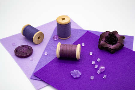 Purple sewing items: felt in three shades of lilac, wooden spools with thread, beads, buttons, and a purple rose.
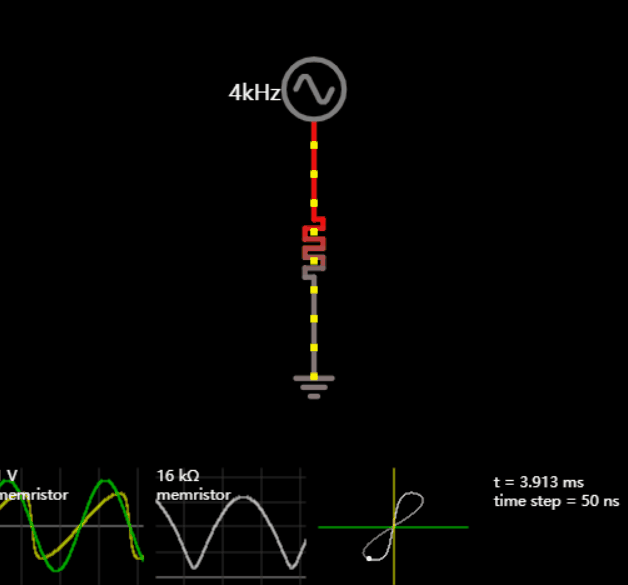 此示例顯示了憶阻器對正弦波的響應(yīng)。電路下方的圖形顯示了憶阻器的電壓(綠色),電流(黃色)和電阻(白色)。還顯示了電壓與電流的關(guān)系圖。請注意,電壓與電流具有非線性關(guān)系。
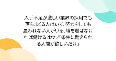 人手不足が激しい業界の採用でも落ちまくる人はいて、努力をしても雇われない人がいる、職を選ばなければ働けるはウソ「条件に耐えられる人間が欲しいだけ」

========================================

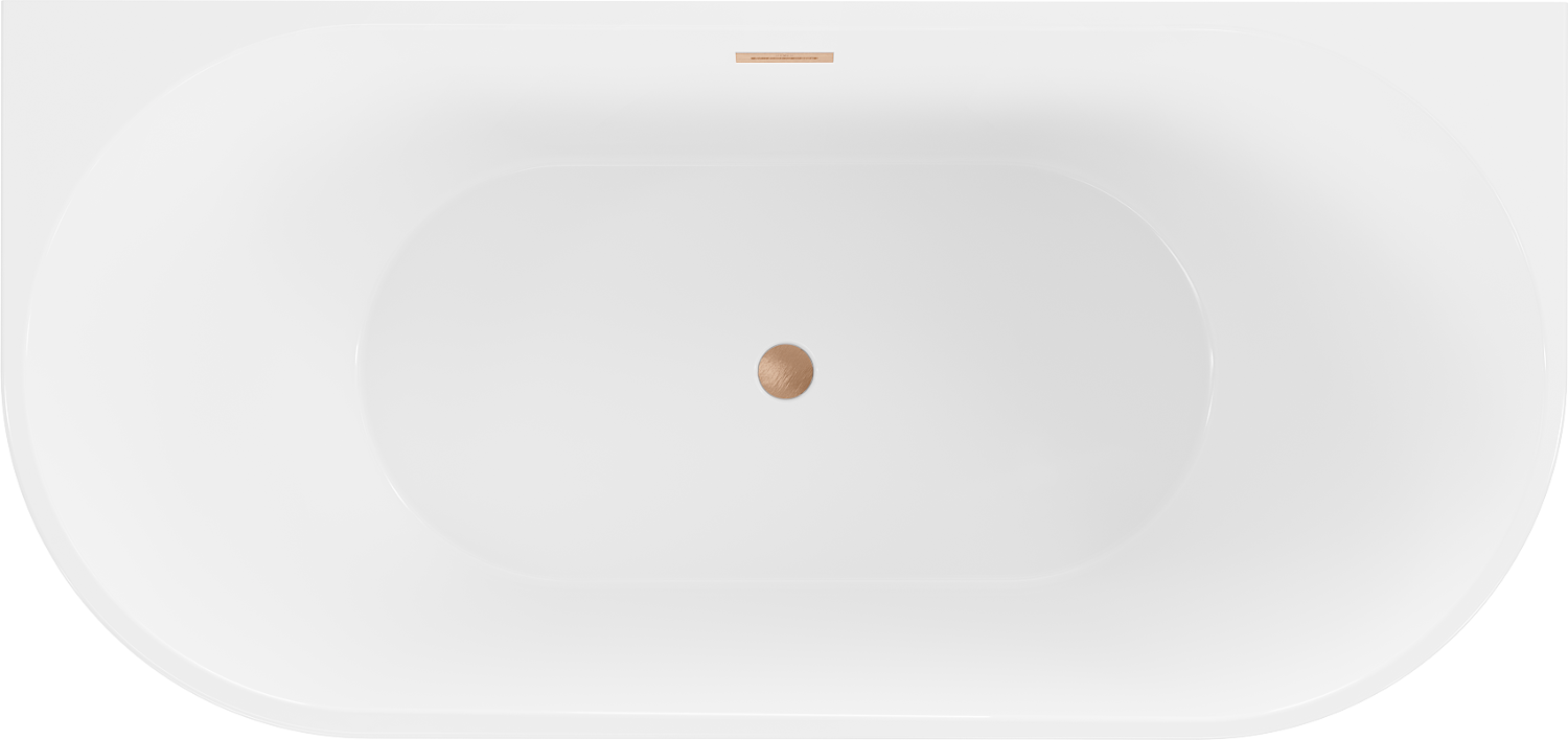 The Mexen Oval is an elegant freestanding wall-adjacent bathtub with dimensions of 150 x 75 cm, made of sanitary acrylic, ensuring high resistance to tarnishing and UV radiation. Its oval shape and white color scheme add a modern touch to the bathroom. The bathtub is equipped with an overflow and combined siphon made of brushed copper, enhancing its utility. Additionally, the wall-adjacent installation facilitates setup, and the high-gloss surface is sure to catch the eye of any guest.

========================================

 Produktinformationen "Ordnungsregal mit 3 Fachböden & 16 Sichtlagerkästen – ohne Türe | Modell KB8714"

========================================

[AIM OF THE TASK] Range to copy from the listing above: the line containing "Purple sewing items: felt" down to the line containing "人手不足が激しい業界の採用で", both included. Reproduce it exactly, minus the pictures, and add nothing.

[SOLVED PROBLEM]
 Purple sewing items: felt in three shades of lilac, wooden spools with thread, beads, buttons, and a purple rose.
 此示例顯示了憶阻器對正弦波的響應(yīng)。電路下方的圖形顯示了憶阻器的電壓(綠色),電流(黃色)和電阻(白色)。還顯示了電壓與電流的關(guān)系圖。請注意,電壓與電流具有非線性關(guān)系。
 人手不足が激しい業界の採用でも落ちまくる人はいて、努力をしても雇われない人がいる、職を選ばなければ働けるはウソ「条件に耐えられる人間が欲しいだけ」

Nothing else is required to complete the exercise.